Aim of the task: Reproduce the records that follow without alteration, apart from removing the pictures.

Records from a data source:
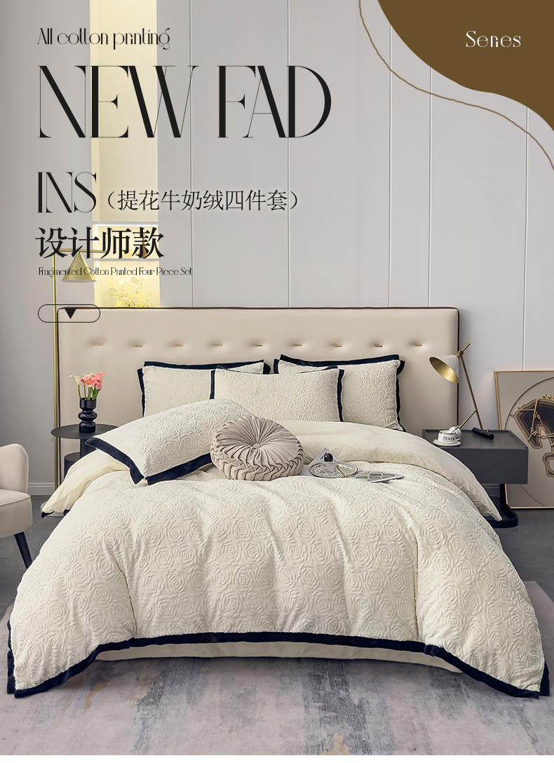 (总)好阁家纺 2025新款极简小香风雕花牛奶绒黑边四件套-风格一,千鸟格,山茶花,亚历山大,维多利亚
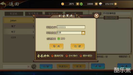 点击就会有一个创建军团的窗口,输入名字,选择军团位置,点击创建。只需要250灵玉我们就可以创建一个属于自己的军团啦。除了自己创建我们也可以选择加入其它军团哦。
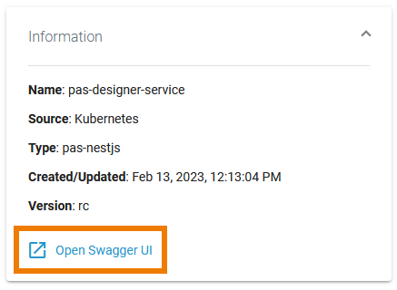 For services of type pas-nestjs, the information section also contains a link to the Swagger UI:
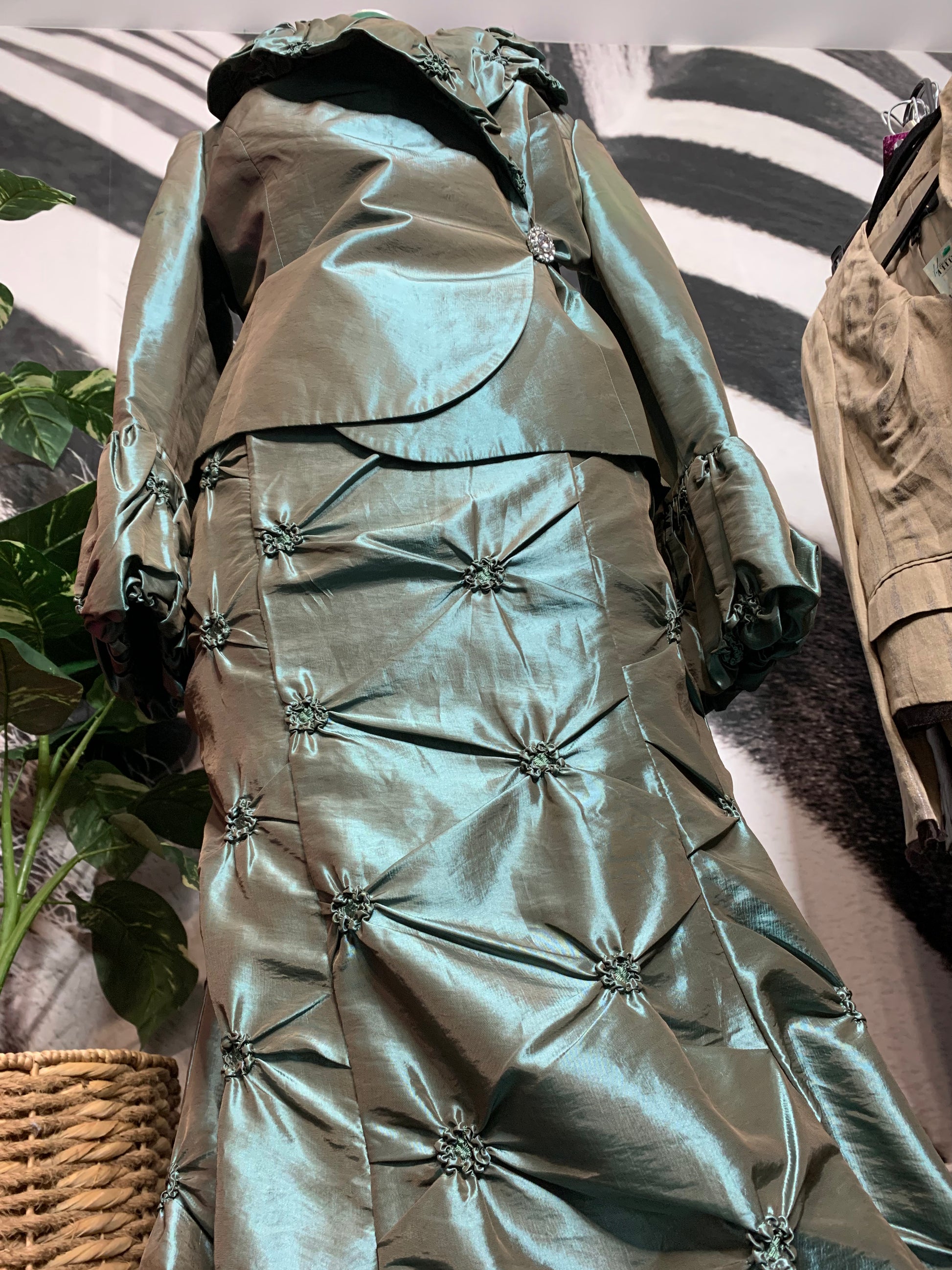 Dresses By Nubiano. Elegant silver blue below knee dress with jacket. Oversize lapel with bling detail button.
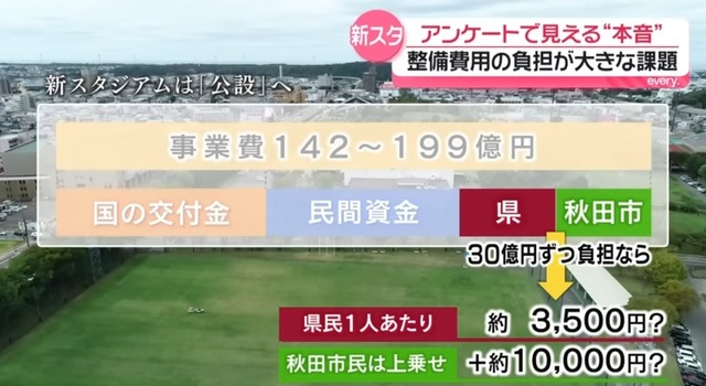 【悲報】秋田のスタジアム建設、県民の8割に拒絶され無事オワコンへ
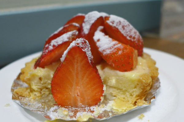 這顆草莓塔很棒耶!!!!在當季吃更能吃到新鮮、一點都不酸的草莓啊!
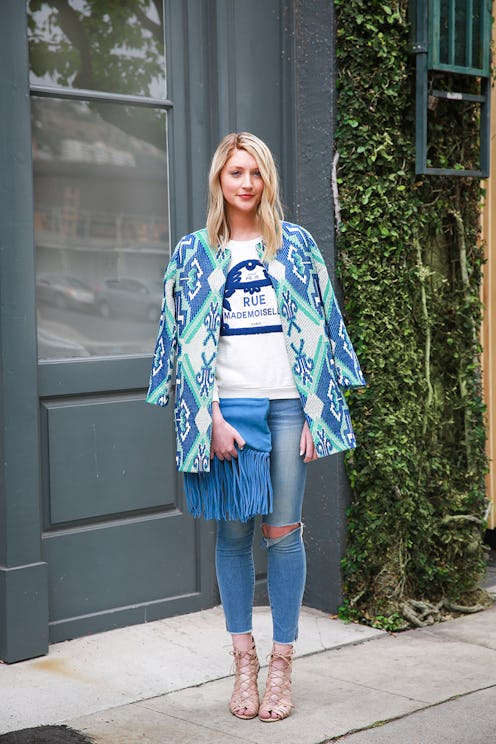 This casual-chic combination of a sweatshirt and jeans is elevated by a colorful, embroidered jacket.
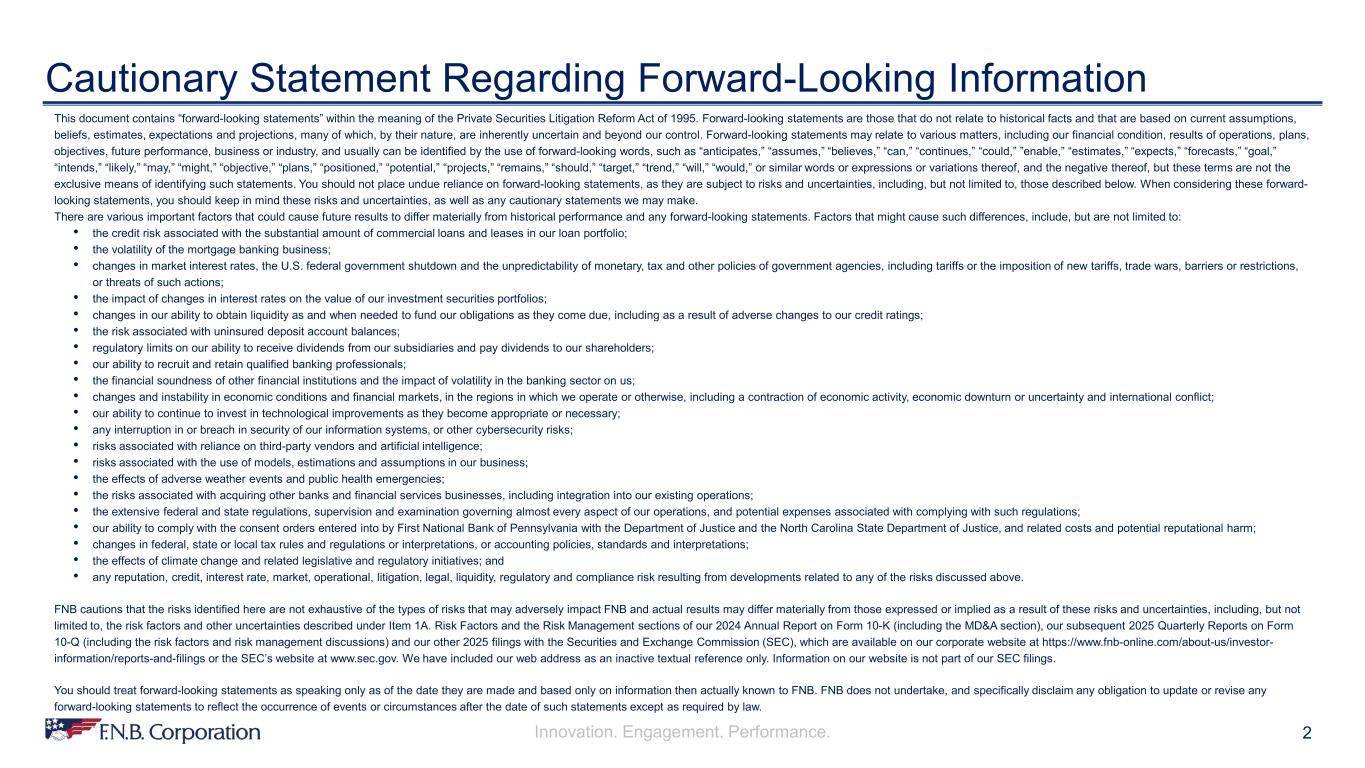 Innovation. Engagement. Performance. 2 Cautionary Statement Regarding Forward-Looking Information This document contains “forward-looking statements” within the meaning of the Private Securities Litigation Reform Act of 1995. Forward-looking statements are those that do not relate to historical facts and that are based on current assumptions, beliefs, estimates, expectations and projections, many of which, by their nature, are inherently uncertain and beyond our control. Forward-looking statements may relate to various matters, including our financial condition, results of operations, plans, objectives, future performance, business or industry, and usually can be identified by the use of forward-looking words, such as “anticipates,” “assumes,” “believes,” “can,” “continues,” “could,” ”enable,” “estimates,” “expects,” “forecasts,” “goal,” “intends,” “likely,” “may,” “might,” “objective,” “plans,” “positioned,” “potential,” “projects,” “remains,” “should,” “target,” “trend,” “will,” “would,” or similar words or expressions or variations thereof, and the negative thereof, but these terms are not the exclusive means of identifying such statements. You should not place undue reliance on forward-looking statements, as they are subject to risks and uncertainties, including, but not limited to, those described below. When considering these forward- looking statements, you should keep in mind these risks and uncertainties, as well as any cautionary statements we may make. There are various important factors that could cause future results to differ materially from historical performance and any forward-looking statements. Factors that might cause such differences, include, but are not limited to: • the credit risk associated with the substantial amount of commercial loans and leases in our loan portfolio; • the volatility of the mortgage banking business; • changes in market interest rates, the U.S. federal government shutdown and the unpredictability of monetary, tax and other policies of government agencies, including tariffs or the imposition of new tariffs, trade wars, barriers or restrictions, or threats of such actions; • the impact of changes in interest rates on the value of our investment securities portfolios; • changes in our ability to obtain liquidity as and when needed to fund our obligations as they come due, including as a result of adverse changes to our credit ratings; • the risk associated with uninsured deposit account balances; • regulatory limits on our ability to receive dividends from our subsidiaries and pay dividends to our shareholders; • our ability to recruit and retain qualified banking professionals; • the financial soundness of other financial institutions and the impact of volatility in the banking sector on us; • changes and instability in economic conditions and financial markets, in the regions in which we operate or otherwise, including a contraction of economic activity, economic downturn or uncertainty and international conflict; • our ability to continue to invest in technological improvements as they become appropriate or necessary; • any interruption in or breach in security of our information systems, or other cybersecurity risks; • risks associated with reliance on third-party vendors and artificial intelligence; • risks associated with the use of models, estimations and assumptions in our business; • the effects of adverse weather events and public health emergencies; • the risks associated with acquiring other banks and financial services businesses, including integration into our existing operations; • the extensive federal and state regulations, supervision and examination governing almost every aspect of our operations, and potential expenses associated with complying with such regulations; • our ability to comply with the consent orders entered into by First National Bank of Pennsylvania with the Department of Justice and the North Carolina State Department of Justice, and related costs and potential reputational harm; • changes in federal, state or local tax rules and regulations or interpretations, or accounting policies, standards and interpretations; • the effects of climate change and related legislative and regulatory initiatives; and • any reputation, credit, interest rate, market, operational, litigation, legal, liquidity, regulatory and compliance risk resulting from developments related to any of the risks discussed above. FNB cautions that the risks identified here are not exhaustive of the types of risks that may adversely impact FNB and actual results may differ materially from those expressed or implied as a result of these risks and uncertainties, including, but not limited to, the risk factors and other uncertainties described under Item 1A. Risk Factors and the Risk Management sections of our 2024 Annual Report on Form 10-K (including the MD&A section), our subsequent 2025 Quarterly Reports on Form 10-Q (including the risk factors and risk management discussions) and our other 2025 filings with the Securities and Exchange Commission (SEC), which are available on our corporate website at https://www.fnb-online.com/about-us/investor- information/reports-and-filings or the SEC’s website at www.sec.gov. We have included our web address as an inactive textual reference only. Information on our website is not part of our SEC filings. You should treat forward-looking statements as speaking only as of the date they are made and based only on information then actually known to FNB. FNB does not undertake, and specifically disclaim any obligation to update or revise any forward-looking statements to reflect the occurrence of events or circumstances after the date of such statements except as required by law.
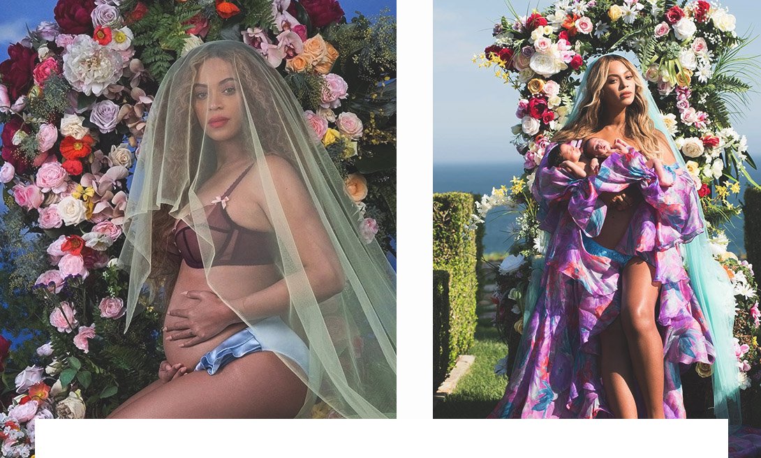 В 2011 году Бейонс из объявления о своей беременности сделала настоящий перфоманс на MTV Video Music Awards: после исполнения песни она расстегнула свою куртку и, улыбаясь, погладила свой живот. В 2017 году ее фотография с близнецами получила самое большое количество лайков в истории Instagram.
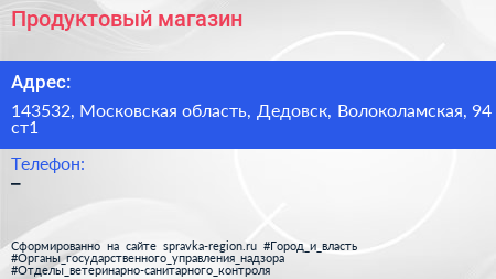 Продуктовый магазин по адресу 143532, Московская область, Дедовск, Волоколамская, 94 ст1 в дальнейшем Организация, размещена в следующих категориях:
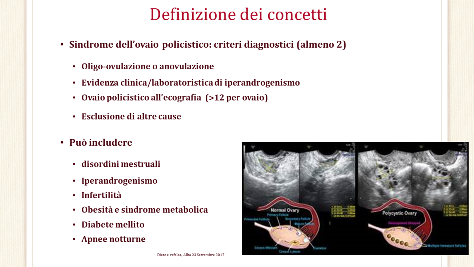 Essa riguarda fondamentalmente una disfunzione estrogenica, che si realizza tramite una difunzione degli ormoni sessuali ipofisari e alla cui base sta l’insulino-resistenza. I marcatori ormonali principali sono alti livelli di FSH /LH, DHEAs. Sia gli estrogeni che l’insulina devono essere degradati a livello epatico, tramite un unico passaggio; dato che l’insulina ha la precedenza nei confronti dell’estrogeno, un livello elevato di insulina induce di riflesso un accumulo estrogenico e una serue di successive interazioni a ritroso su quell’asse ormonale. Anche se la definizione contiene le parole ovario policistico, le cisti ovariche in realtà non sono la norma, e si ritrovano in circa la metà delle donne affette da questa sindrome. Diverse società scientifiche internazionali hanno definito la sindrome, i seguenti sono criteri che accomunano le varie definizioni.
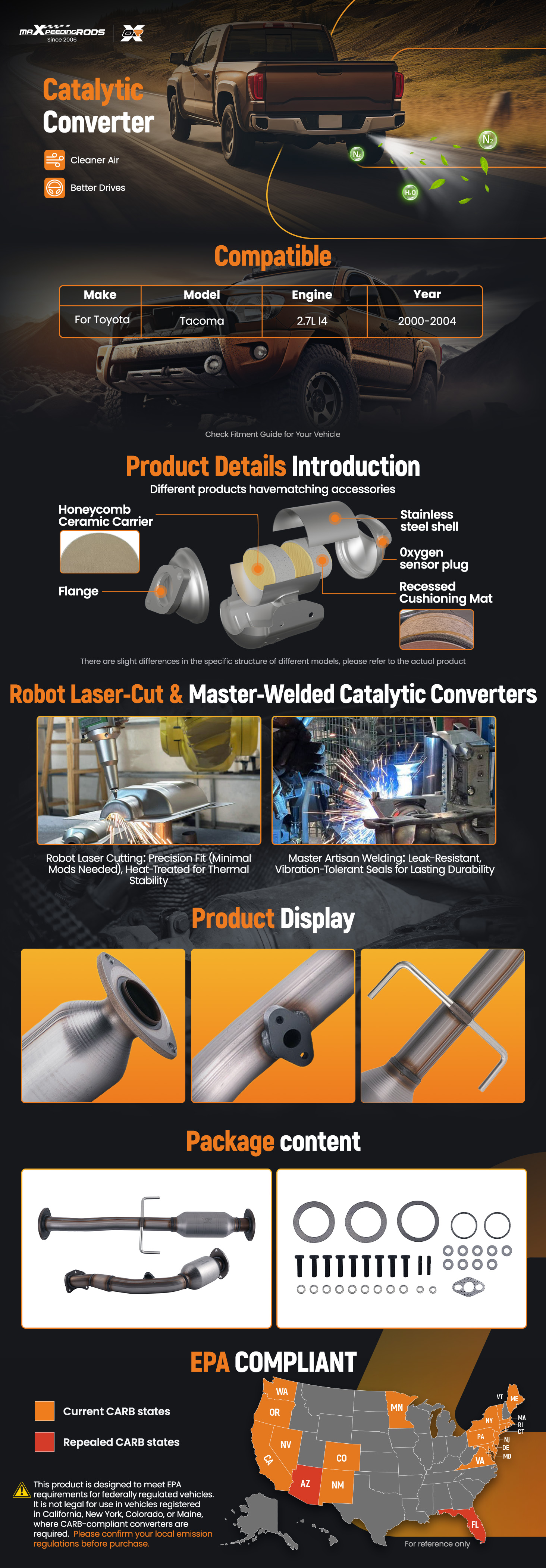 400CPSI Catalytic Converter Kit for Toyota Tacoma 2.7L 2000 2001 2002 2003 2004
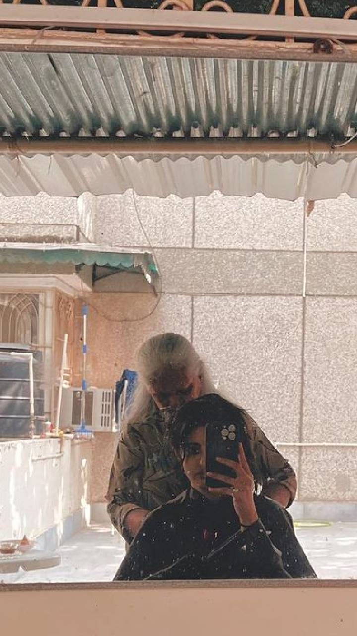 नव्या नवेली ने चाट के लुफ्त के साथ अपने हेयर भी कट करवाया है, जिस की उनहोंने मिरर सेल्फी शेयर की हैं।
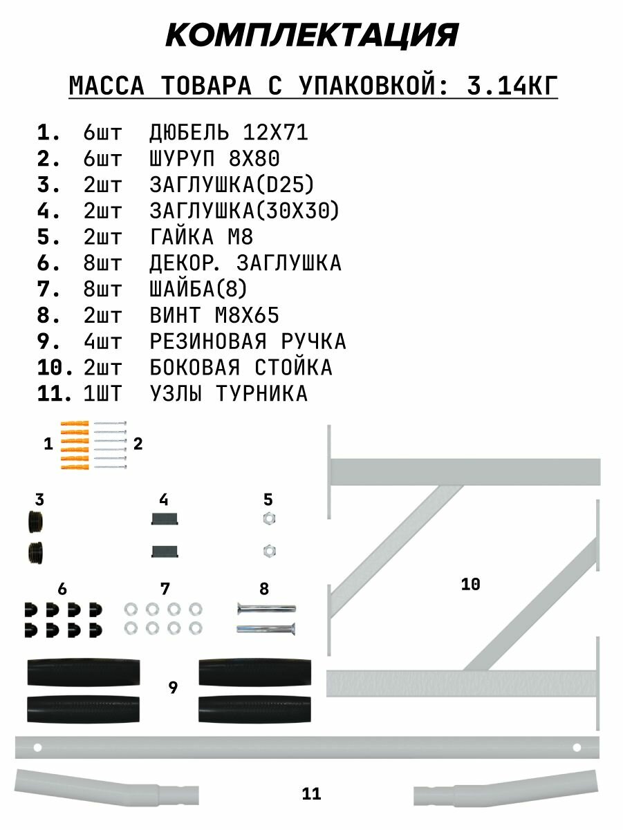 | Дополнительная информация | Комплектация: Узел турника-1шт; боковая стойка - 2шт, ручка турника - 4шт, заглушка круглая d25 - 2шт,; дюбель 12х71 - 6шт, шуруп 8х80 - 6шт, винт М8х65 - 2шт, шайба (8) - 8шт; гайка (8) - 2шт, колпачок декоративный - 8шт, заглушка 30х30 внутренняя - 2шт |

Response for this exercise:
 (总)好阁家纺 2025新款极简小香风雕花牛奶绒黑边四件套-风格一,千鸟格,山茶花,亚历山大,维多利亚
 点击就会有一个创建军团的窗口,输入名字,选择军团位置,点击创建。只需要250灵玉我们就可以创建一个属于自己的军团啦。除了自己创建我们也可以选择加入其它军团哦。
 For services of type pas-nestjs, the information section also contains a link to the Swagger UI:
 Dresses By Nubiano. Elegant silver blue below knee dress with jacket. Oversize lapel with bling detail button.
 【悲報】秋田のスタジアム建設、県民の8割に拒絶され無事オワコンへ
 這顆草莓塔很棒耶!!!!在當季吃更能吃到新鮮、一點都不酸的草莓啊!
 This casual-chic combination of a sweatshirt and jeans is elevated by a colorful, embroidered jacket.
 Innovation. Engagement. Performance. 2 Cautionary Statement Regarding Forward-Looking Information This document contains “forward-looking statements” within the meaning of the Private Securities Litigation Reform Act of 1995. Forward-looking statements are those that do not relate to historical facts and that are based on current assumptions, beliefs, estimates, expectations and projections, many of which, by their nature, are inherently uncertain and beyond our control. Forward-looking statements may relate to various matters, including our financial condition, results of operations, plans, objectives, future performance, business or industry, and usually can be identified by the use of forward-looking words, such as “anticipates,” “assumes,” “believes,” “can,” “continues,” “could,” ”enable,” “estimates,” “expects,” “forecasts,” “goal,” “intends,” “likely,” “may,” “might,” “objective,” “plans,” “positioned,” “potential,” “projects,” “remains,” “should,” “target,” “trend,” “will,” “would,” or similar words or expressions or variations thereof, and the negative thereof, but these terms are not the exclusive means of identifying such statements. You should not place undue reliance on forward-looking statements, as they are subject to risks and uncertainties, including, but not limited to, those described below. When considering these forward- looking statements, you should keep in mind these risks and uncertainties, as well as any cautionary statements we may make. There are various important factors that could cause future results to differ materially from historical performance and any forward-looking statements. Factors that might cause such differences, include, but are not limited to: • the credit risk associated with the substantial amount of commercial loans and leases in our loan portfolio; • the volatility of the mortgage banking business; • changes in market interest rates, the U.S. federal government shutdown and the unpredictability of monetary, tax and other policies of government agencies, including tariffs or the imposition of new tariffs, trade wars, barriers or restrictions, or threats of such actions; • the impact of changes in interest rates on the value of our investment securities portfolios; • changes in our ability to obtain liquidity as and when needed to fund our obligations as they come due, including as a result of adverse changes to our credit ratings; • the risk associated with uninsured deposit account balances; • regulatory limits on our ability to receive dividends from our subsidiaries and pay dividends to our shareholders; • our ability to recruit and retain qualified banking professionals; • the financial soundness of other financial institutions and the impact of volatility in the banking sector on us; • changes and instability in economic conditions and financial markets, in the regions in which we operate or otherwise, including a contraction of economic activity, economic downturn or uncertainty and international conflict; • our ability to continue to invest in technological improvements as they become appropriate or necessary; • any interruption in or breach in security of our information systems, or other cybersecurity risks; • risks associated with reliance on third-party vendors and artificial intelligence; • risks associated with the use of models, estimations and assumptions in our business; • the effects of adverse weather events and public health emergencies; • the risks associated with acquiring other banks and financial services businesses, including integration into our existing operations; • the extensive federal and state regulations, supervision and examination governing almost every aspect of our operations, and potential expenses associated with complying with such regulations; • our ability to comply with the consent orders entered into by First National Bank of Pennsylvania with the Department of Justice and the North Carolina State Department of Justice, and related costs and potential reputational harm; • changes in federal, state or local tax rules and regulations or interpretations, or accounting policies, standards and interpretations; • the effects of climate change and related legislative and regulatory initiatives; and • any reputation, credit, interest rate, market, operational, litigation, legal, liquidity, regulatory and compliance risk resulting from developments related to any of the risks discussed above. FNB cautions that the risks identified here are not exhaustive of the types of risks that may adversely impact FNB and actual results may differ materially from those expressed or implied as a result of these risks and uncertainties, including, but not limited to, the risk factors and other uncertainties described under Item 1A. Risk Factors and the Risk Management sections of our 2024 Annual Report on Form 10-K (including the MD&A section), our subsequent 2025 Quarterly Reports on Form 10-Q (including the risk factors and risk management discussions) and our other 2025 filings with the Securities and Exchange Commission (SEC), which are available on our corporate website at https://www.fnb-online.com/about-us/investor- information/reports-and-filings or the SEC’s website at www.sec.gov. We have included our web address as an inactive textual reference only. Information on our website is not part of our SEC filings. You should treat forward-looking statements as speaking only as of the date they are made and based only on information then actually known to FNB. FNB does not undertake, and specifically disclaim any obligation to update or revise any forward-looking statements to reflect the occurrence of events or circumstances after the date of such statements except as required by law.
 В 2011 году Бейонс из объявления о своей беременности сделала настоящий перфоманс на MTV Video Music Awards: после исполнения песни она расстегнула свою куртку и, улыбаясь, погладила свой живот. В 2017 году ее фотография с близнецами получила самое большое количество лайков в истории Instagram.
 Продуктовый магазин по адресу 143532, Московская область, Дедовск, Волоколамская, 94 ст1 в дальнейшем Организация, размещена в следующих категориях:
 Essa riguarda fondamentalmente una disfunzione estrogenica, che si realizza tramite una difunzione degli ormoni sessuali ipofisari e alla cui base sta l’insulino-resistenza. I marcatori ormonali principali sono alti livelli di FSH /LH, DHEAs. Sia gli estrogeni che l’insulina devono essere degradati a livello epatico, tramite un unico passaggio; dato che l’insulina ha la precedenza nei confronti dell’estrogeno, un livello elevato di insulina induce di riflesso un accumulo estrogenico e una serue di successive interazioni a ritroso su quell’asse ormonale. Anche se la definizione contiene le parole ovario policistico, le cisti ovariche in realtà non sono la norma, e si ritrovano in circa la metà delle donne affette da questa sindrome. Diverse società scientifiche internazionali hanno definito la sindrome, i seguenti sono criteri che accomunano le varie definizioni.
 400CPSI Catalytic Converter Kit for Toyota Tacoma 2.7L 2000 2001 2002 2003 2004
 नव्या नवेली ने चाट के लुफ्त के साथ अपने हेयर भी कट करवाया है, जिस की उनहोंने मिरर सेल्फी शेयर की हैं।
 | Дополнительная информация | Комплектация: Узел турника-1шт; боковая стойка - 2шт, ручка турника - 4шт, заглушка круглая d25 - 2шт,; дюбель 12х71 - 6шт, шуруп 8х80 - 6шт, винт М8х65 - 2шт, шайба (8) - 8шт; гайка (8) - 2шт, колпачок декоративный - 8шт, заглушка 30х30 внутренняя - 2шт |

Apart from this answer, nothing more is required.